Research into XML compression was initiated with Liefke and Suciu’s development in 2000 of a compressor called XMill [6]. It is based on three principles: separating the structure from the content of the XML document, bucketing the content based on their tags, and compressing the individual buckets separately. XMill is a compression-oriented technique, focusing solely on achieving high compression ratios and fast compression/decompression, ignoring the query processing aspects. Other compression-oriented schemes that appeared around the same time include Millau [4], designed for efficient encoding and streaming of XML structures; and XMLPPM, which implements an extended SAX parser for online processing of documents [2]. There are also several commercial offerings that have been featured on the Internet (e.g., [11, 13, 15]).
Fig. 1

Architecture of the XMill compressor [4]

Subsequently, the focus shifted to the development of query-oriented techniques intended to support query processing directly on the compressed data. This stream of research began with Tolani and Haritsa [9] presenting in 2002 a system called XGrind, where compression is carried out at the granularity of individual element/attribute values using a simple context-free compression scheme – tags are encoded by integers while textual content is compressed using non-adaptive Huffman (or Arithmetic) coding. XGrind consciously maintains a homomorphic encoding, that is, the compressed document is still in XML format, the intention being that all existing XML-related tools (such as parsers, indexes, schema-checkers, etc.) could continue to be used on the compressed document.

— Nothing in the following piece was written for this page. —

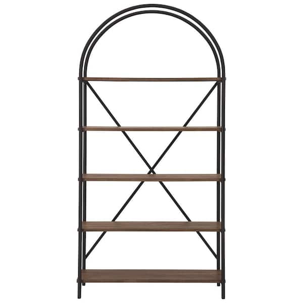 72.16 in. Tall Black and Brown Wood 5-Shelf Bookcase with 5 Open Shelves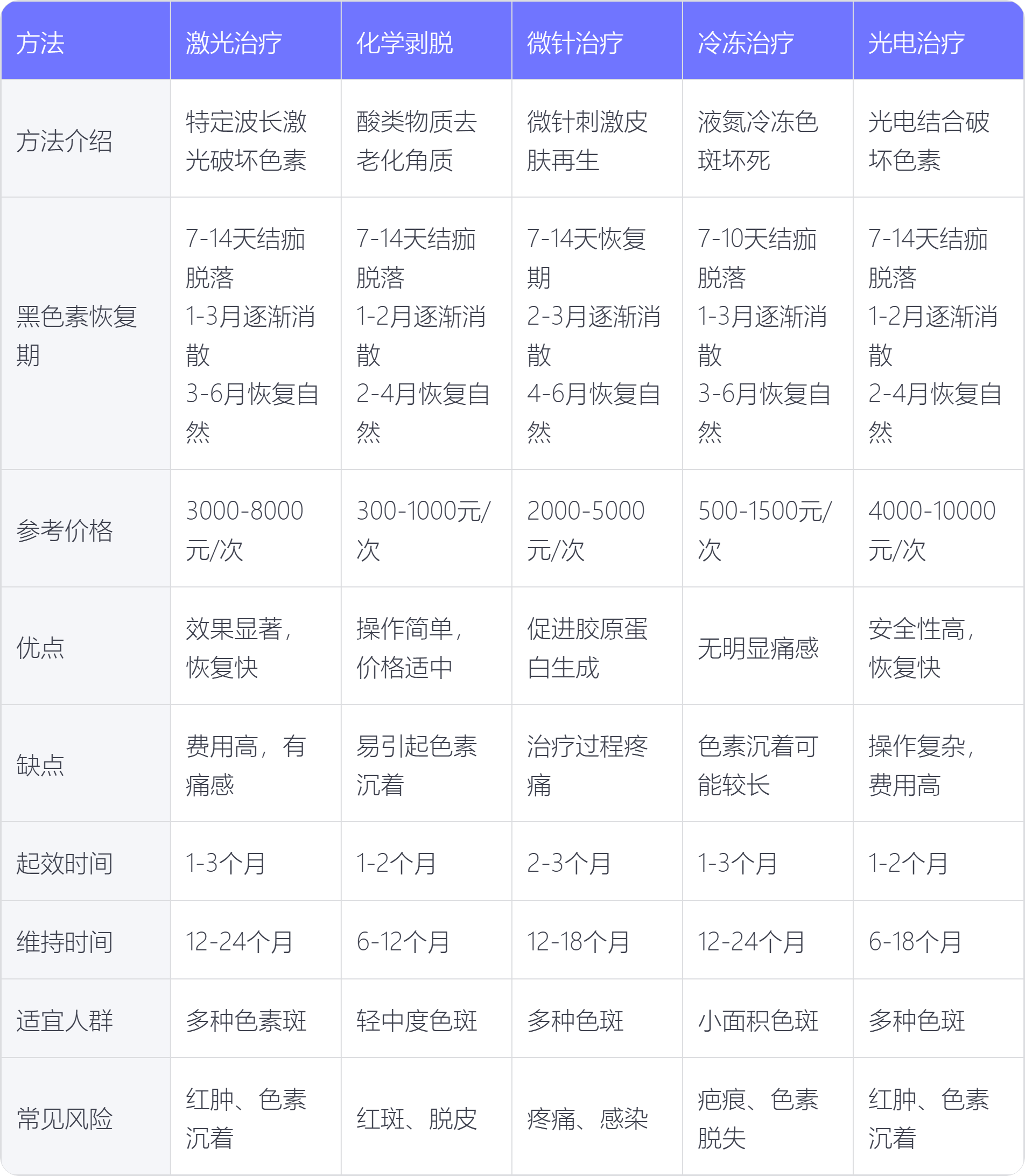点斑后出现的黑色素沉淀是皮肤对治疗的一种正常反应,一般在1-3个月逐渐消退,3-6个皮肤逐渐恢复自然。点斑的常见方法有激光治疗、化学剥脱、微针治疗、冷冻治疗、光电治疗等方法,具体时间可能因治疗方法而异。

In 2003, Min et al. [7] proposed a compressor called XPRESS that extended the homomorphic compression approach of XGrind to include effective evaluation of query path expressions and range queries on numerical attributes. Their scheme uses a reverse arithmetic path-encoding that encodes each path as an interval of real numbers between 0 and 1. The following year produced the XQueC system [1] from Arion et al., which supports cost-based tradeoffs between compact storage and efficient processing.

An excellent survey of the state-of-the-art in XML compressors is available in [1].


The basic principles for compressing XML documents are the following:
  • Separate structure from data: The structure consists of XML tags and attributes, organized as a tree. The data consists of a sequence of items (strings) representing element text contents and attribute values. The structure and the data are compressed separately.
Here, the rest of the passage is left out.